Destination Excellence: New Clinical Partnerships Inspire MD Students, Aid Community Organizations: Pulse Spring 2025
An innovative project from Drexel University College of Medicine has begun filling gaps left in community care and medical education in the wake of the 2019 closure of Hahnemann University Hospital. The initiative aims to build community-based partnerships and establish a health care consortium in the Philadelphia region. When Hahnemann — a primary teaching site for the College of Medicine — closed, health professions students lost clinical education opportunities, and patients from underserved Philadelphia communities lost access to care. Those communities have also been greatly impacted by the health care worker shortage caused by the COVID-19 pandemic.
Annette Gadegbeku, MD
To help stabilize health care for underserved patients and medical education for Drexel students, and to build community coalition, Annette Gadegbeku, MD, senior associate dean of community health and inclusive excellence, began working to create a consortium of Federally Qualified Health Centers (FQHCs). FQHCs are community-based health care organizations that provide comprehensive primary care and support services to underserved populations, caring for patients regardless of their insurance coverage or ability to pay. Her vision is to have FQHC partners in the area join a consortium with the College of Medicine, becoming preclinical and clinical rotation sites for MD program students while also benefiting from students’ assistance in patient care. The initiative aims to help better serve these communities and retain medical students as professionals interested in providing care for underserved patients.
Gadegbeku points out the mutual benefits of these relationships. “Early exposure to working with an FQHC means students may find a deep connection to the community and interest in the services provided,” she says. “We hope to develop providers who are willing to stay in underserved communities and provide care for those who are marginalized. I thought this FQHC consortium would be a great way to foster interest and a desire to build their careers in these or similar communities.”
Gadegbeku is also an associate professor and chief of the Division of Community Health in the Department of Family, Community & Preventive Medicine.

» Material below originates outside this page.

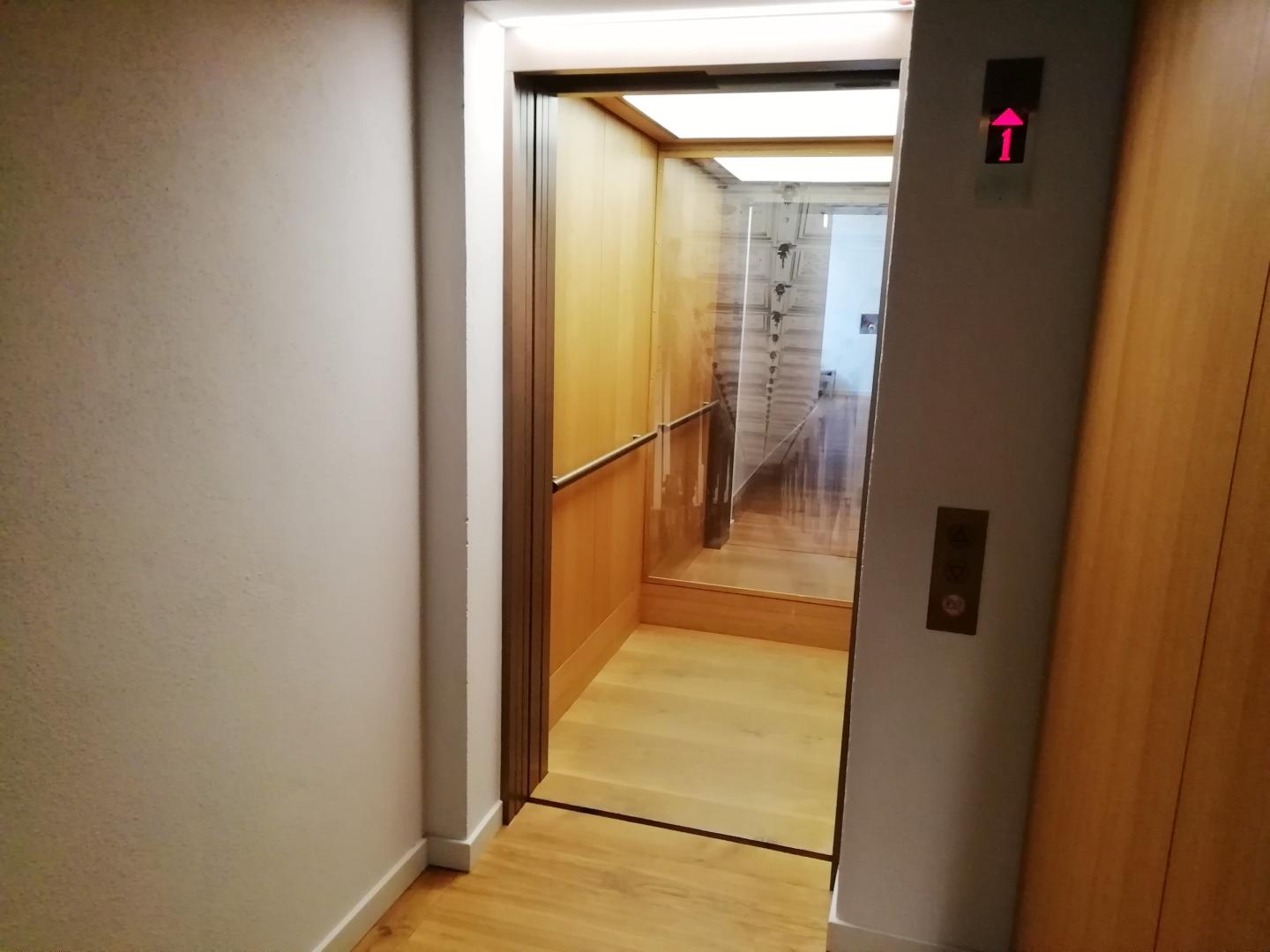 Die Zugangstür nach dem Aufzug hat eine lichte Breite von 62 cm. Diese ist mit einem 2. Flügel erweiterbar.

She brings expertise in underserved community medicine and in medical education to the consortium project.
The initiative began by partnering with two local FQHCs, the Greater Philadelphia Health Alliance (GPHA) and Spectrum Health Services Inc. MD program students have gained valuable clinical experience while assisting these programs, with positive feedback from program leaders.
The work of the FQHC consortium aligns well with existing College of Medicine programs like Bridging the Gaps, which links students to educational opportunities working with underserved communities, and the Health Advocacy Practicum (HAP), a core course focused on health equity for all first- and second-year Drexel medical students. Both programs are part of the College’s efforts to provide future physicians with experience working with underserved patients.

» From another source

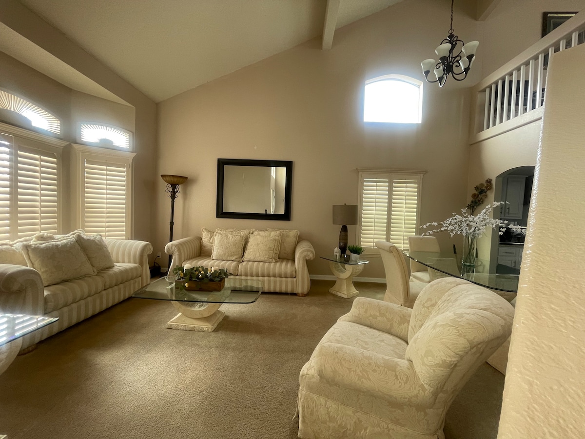Bine ai venit la Casa de Montwood, casa noastră spațioasă cu două etaje 5BR + casa de oaspeți din partea de est a Sun City. Pot dormi până la 14 persoane, cu toate facilitățile, inclusiv balcon, cadă cu hidromasaj, grătar, garaj și W/D. Situat convenabil în apropiere de Loop 375, magazine și restaurante, facilitând explorarea a tot ceea ce El Paso are de oferit. Ideal pentru familii, grupuri militare și prieteni. Cu check-in independent, poți ajunge în ritmul tău și poți începe șederea imediat. Rezervă acum!

In summer 2024, students began third- and fourth-year clinical rotations at GPHA. In fall 2024, some first-year MD students began yearlong HAP placements at both FQHCs. Rising second-year MD students were placed at the consortium’s two FQHCs for Bridging the Gaps community health internships over the summer, as well. Gadegbeku says the response was positive.
“The medical director we work with was very pleased with our students and was excited to have them, and they were very helpful to her,” she says. “The students said they also had a really great experience and learned a lot from being there at the center.” Gadegbeku sees enormous value in placing future physicians in their patients’ communities. “The biggest benefit for students is to learn from the communities that they’re engaging with,” she says. “There are a lot of unwritten lessons students learn: about themselves, about how to serve, about people, about differences, about how to communicate, about how to meet people where they are.”
Partnerships like the FQHC consortium help build positive, respectful, mutually beneficial relationships between providers and patients, according to Gadegbeku. “It’s important that community engagement opportunities are not just about going into communities and enforcing on them what we think they need,” she says. “It’s about partnering with them to not only assess what they need, but also to provide what they need and do it in a mutually beneficial way.”